A child who has ingested marijuana might just need to be observed in the emergency room for a few hours. If their symptoms are severe, they could be admitted to the hospital for observation overnight. Your child’s urine probably will be tested to confirm the presence of marijuana and check for any other substances.
As marijuana becomes decriminalized, hospitals are seeing more and more children who have accidentally consumed weed. In 2020, the AAPCC received nearly 3,000 calls about children who were accidentally exposed to edible marijuana. Most were under age 5.
Healthcare providers treating a child who has eaten something containing marijuana may contact child protective services, who will typically want to ensure the overall safety of the child within their home. But fear of these consequences is not a reason to avoid getting your child necessary – and potentially life-saving – medical care.
What are some of the signs to watch out for after my child ingests marijuana?
Because children are small, they have a much greater risk of severe and potentially life-threatening effects from weed. Symptoms to look out for include:
- Difficulty breathing
- Rapid heart rate
- Loss of coordination
- Excessive sleepiness
- Slurred speech
Keep in mind that the THC in edible marijuana won’t take effect until about 30 to 60 minutes after it’s eaten. These effects will likely continue to intensify for another 3 to 4 hours.
Can my child get high if they eat something with marijuana in it?

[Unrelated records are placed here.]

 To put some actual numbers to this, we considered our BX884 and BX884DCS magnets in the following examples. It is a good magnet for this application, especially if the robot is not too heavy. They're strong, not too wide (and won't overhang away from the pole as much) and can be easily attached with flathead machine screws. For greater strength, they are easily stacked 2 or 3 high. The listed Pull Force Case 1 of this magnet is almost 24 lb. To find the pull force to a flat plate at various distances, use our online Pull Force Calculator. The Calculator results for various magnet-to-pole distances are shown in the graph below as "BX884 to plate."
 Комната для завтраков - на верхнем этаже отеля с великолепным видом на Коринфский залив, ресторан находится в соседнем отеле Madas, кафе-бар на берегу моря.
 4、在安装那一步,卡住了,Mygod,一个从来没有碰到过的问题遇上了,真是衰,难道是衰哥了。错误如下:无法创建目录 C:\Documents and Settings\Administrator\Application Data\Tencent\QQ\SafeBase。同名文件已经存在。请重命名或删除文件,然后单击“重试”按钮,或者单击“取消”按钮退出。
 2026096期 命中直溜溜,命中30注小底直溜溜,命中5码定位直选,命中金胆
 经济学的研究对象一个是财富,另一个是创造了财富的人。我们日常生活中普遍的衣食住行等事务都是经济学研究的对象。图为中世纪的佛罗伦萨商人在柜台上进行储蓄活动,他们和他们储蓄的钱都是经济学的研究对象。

Yes. Because of their smaller bodies, children who consume a marijuana edible will experience the effects – including getting “high” – more quickly than an adult. This can be a very scary, unfamiliar experience for a child. Just one pot candy or cookie could have multiple times the recommended dose of THC for adults, so these products are especially potent for kids.

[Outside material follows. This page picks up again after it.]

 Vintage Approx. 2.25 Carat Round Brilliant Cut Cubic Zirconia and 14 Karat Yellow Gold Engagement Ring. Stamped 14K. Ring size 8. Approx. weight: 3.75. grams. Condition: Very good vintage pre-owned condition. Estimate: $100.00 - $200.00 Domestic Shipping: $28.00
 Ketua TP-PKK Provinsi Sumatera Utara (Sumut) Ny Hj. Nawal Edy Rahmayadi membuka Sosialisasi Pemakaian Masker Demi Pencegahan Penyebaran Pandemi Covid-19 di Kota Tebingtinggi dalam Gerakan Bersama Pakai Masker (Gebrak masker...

How to keep your child from ingesting something with weed in it
Whether your weed is legal or not, medicinal or recreational, treat it (and all marijuana products) like any medication:
- Store it safely. Keep marijuana products out of children’s reach in child-resistant containers or a lockbox.
- Never keep marijuana edibles with other foods because some edibles are packaged to resemble familiar treats, like gummy bears and brownies, and your child won’t be able to tell the difference.
- Don’t buy edibles that resemble real candy. Some marijuana edible packaging are designed to look identical to common candy packaging, making them a magnet for kids. Your child will not be able to tell the difference.
- Don’t use marijuana in front of your kids. Consuming marijuana around children sets a bad example and can create a temptation for kids. It can also be harmful. Second-hand marijuana smoke, including THC, can also get into children’s bodies, research shows. Marijuana consumption can also impair your ability to provide a safe environment for your child.
- Talk to family members, friends and caregivers. If visitors bring edibles or weed into your house, make sure it’s always out of children’s reach, and that they don’t use them while watching your kids.
If you’re concerned about your use of weed and want help quitting, talk to your doctor. They can help you find the resources and support you need.